As much as I hate the gangs profiting from misery and tying up police time with their internecine feuds, the late amendment to the gangs bill, banning people from wearing their gang patches in their own homes, seems ludicrous for the reasons that have been given.
The Gangs Bill, as it was tabled in July at the Justice Select Committee, will give police the power to disperse gatherings and to ban patches in public. All good. But a clause added a few weeks ago allows the police to apply to the courts for a gang prohibition order for repeat offenders, meaning anyone convicted of wearing their patch in public three times in five years won't be allowed to wear the patch in their own home.
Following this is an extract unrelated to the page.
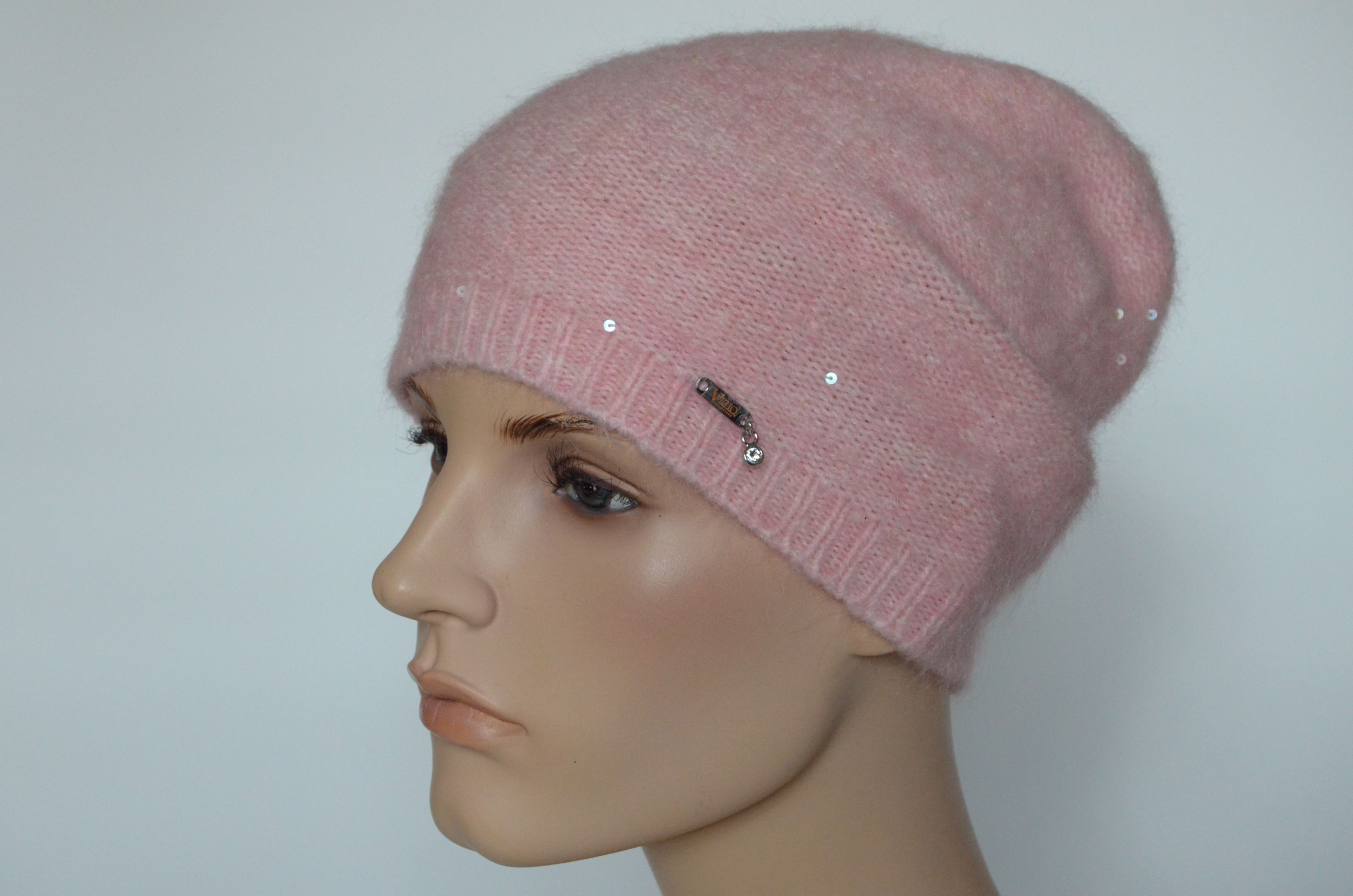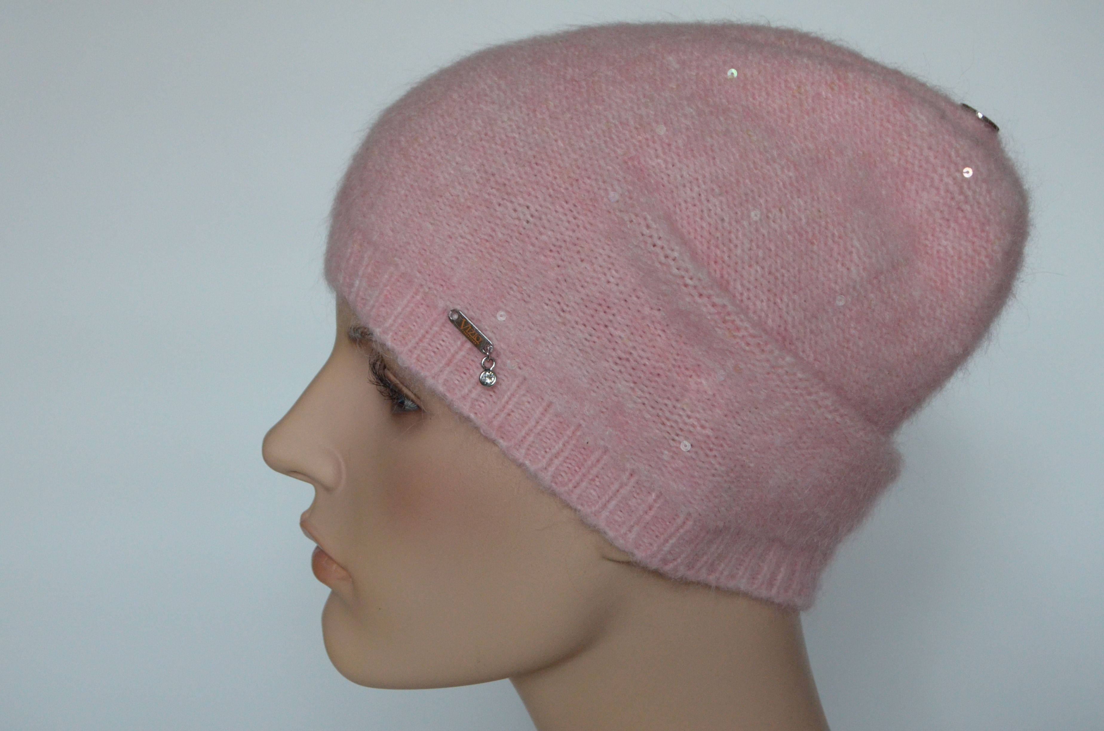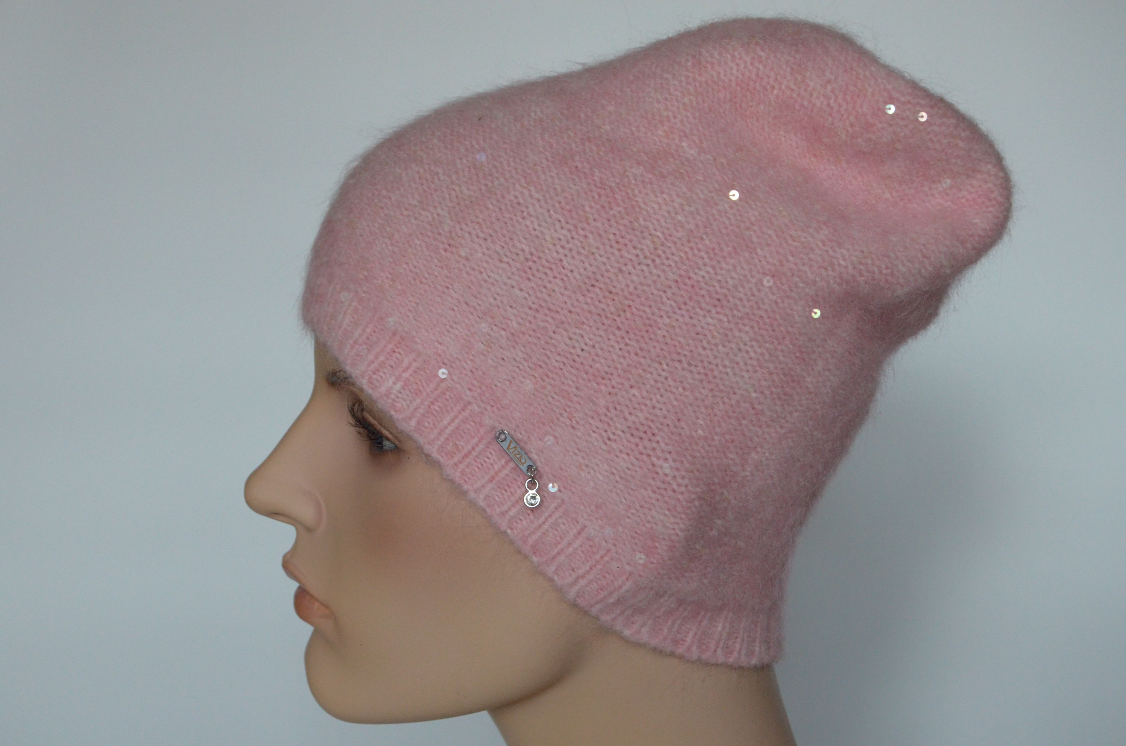 Зимняя тонкая вязаная шапка розового цвета Vizio Италия 6948 без вязаного подклада зимняя коллекция итальянских одинарных шапок с пайетками Визио

Justice Minister Paul Goldsmith told Mike Hosking this morning on the Mike Hosking Breakfast that he makes no apologies for giving police extra tools to deal with gang members.
“What it's about is giving them, the police, that option to deal with what we think will be a small group of people who say, well, stuff you, I'm just gonna wear my patch and I'll pay my fine and I'll keep on doing it. And that would undermine the purpose of the bill and that's why we got that feedback during the Select Committee and so we're bringing in this extra tool to give the police extra powers to deal with that small number of repeat offenders.”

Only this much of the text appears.